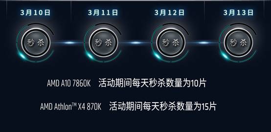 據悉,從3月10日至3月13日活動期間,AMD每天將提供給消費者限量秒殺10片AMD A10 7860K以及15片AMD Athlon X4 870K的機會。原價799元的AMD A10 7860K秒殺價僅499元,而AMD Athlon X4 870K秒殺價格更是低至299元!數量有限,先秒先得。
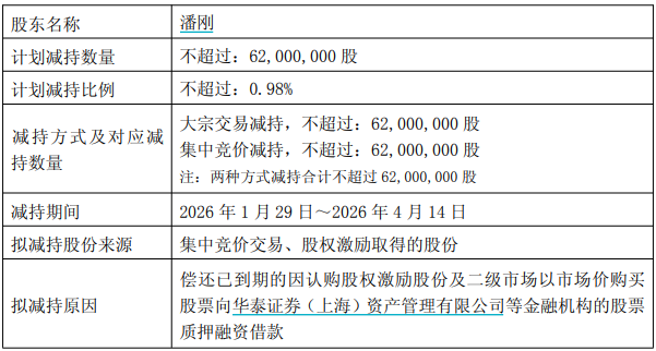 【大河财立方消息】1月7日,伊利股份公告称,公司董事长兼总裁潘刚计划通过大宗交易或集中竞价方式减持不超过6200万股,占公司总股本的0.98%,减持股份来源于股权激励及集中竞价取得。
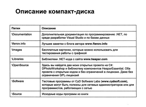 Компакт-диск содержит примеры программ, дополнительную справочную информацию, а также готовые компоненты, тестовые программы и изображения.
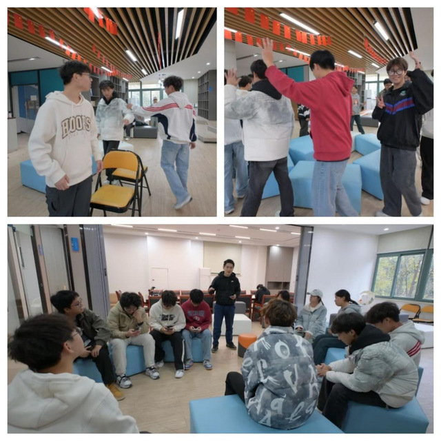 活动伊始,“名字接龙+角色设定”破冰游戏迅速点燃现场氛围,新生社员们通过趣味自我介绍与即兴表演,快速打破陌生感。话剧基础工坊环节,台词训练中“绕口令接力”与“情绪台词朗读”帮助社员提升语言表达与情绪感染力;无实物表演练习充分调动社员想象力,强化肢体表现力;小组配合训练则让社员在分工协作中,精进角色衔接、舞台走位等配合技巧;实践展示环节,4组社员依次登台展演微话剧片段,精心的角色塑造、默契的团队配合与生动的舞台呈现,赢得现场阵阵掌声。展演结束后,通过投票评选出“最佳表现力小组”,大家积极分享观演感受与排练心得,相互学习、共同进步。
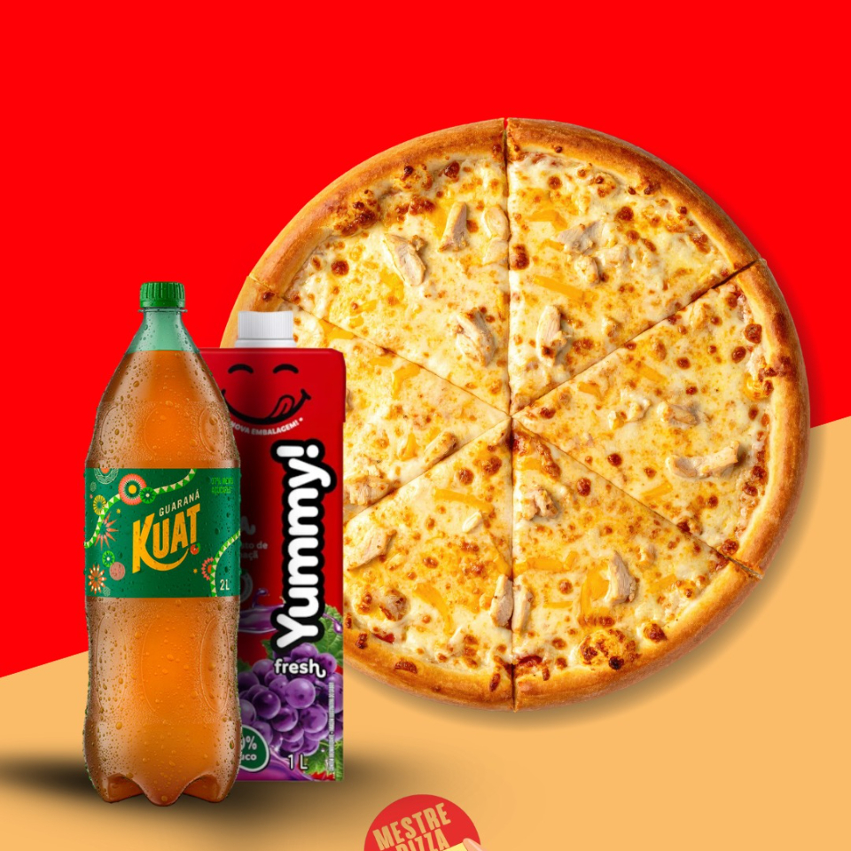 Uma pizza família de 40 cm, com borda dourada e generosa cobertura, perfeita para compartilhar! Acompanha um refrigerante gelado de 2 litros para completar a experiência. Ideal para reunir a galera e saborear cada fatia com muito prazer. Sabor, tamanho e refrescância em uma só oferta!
----
What you should do
All lines from the one containing "Компакт-диск содержит примеры" through the final line of the entries above must be restated word for word, pictures excluded.

Exercise solution
 Компакт-диск содержит примеры программ, дополнительную справочную информацию, а также готовые компоненты, тестовые программы и изображения.
 活动伊始,“名字接龙+角色设定”破冰游戏迅速点燃现场氛围,新生社员们通过趣味自我介绍与即兴表演,快速打破陌生感。话剧基础工坊环节,台词训练中“绕口令接力”与“情绪台词朗读”帮助社员提升语言表达与情绪感染力;无实物表演练习充分调动社员想象力,强化肢体表现力;小组配合训练则让社员在分工协作中,精进角色衔接、舞台走位等配合技巧;实践展示环节,4组社员依次登台展演微话剧片段,精心的角色塑造、默契的团队配合与生动的舞台呈现,赢得现场阵阵掌声。展演结束后,通过投票评选出“最佳表现力小组”,大家积极分享观演感受与排练心得,相互学习、共同进步。
 Uma pizza família de 40 cm, com borda dourada e generosa cobertura, perfeita para compartilhar! Acompanha um refrigerante gelado de 2 litros para completar a experiência. Ideal para reunir a galera e saborear cada fatia com muito prazer. Sabor, tamanho e refrescância em uma só oferta!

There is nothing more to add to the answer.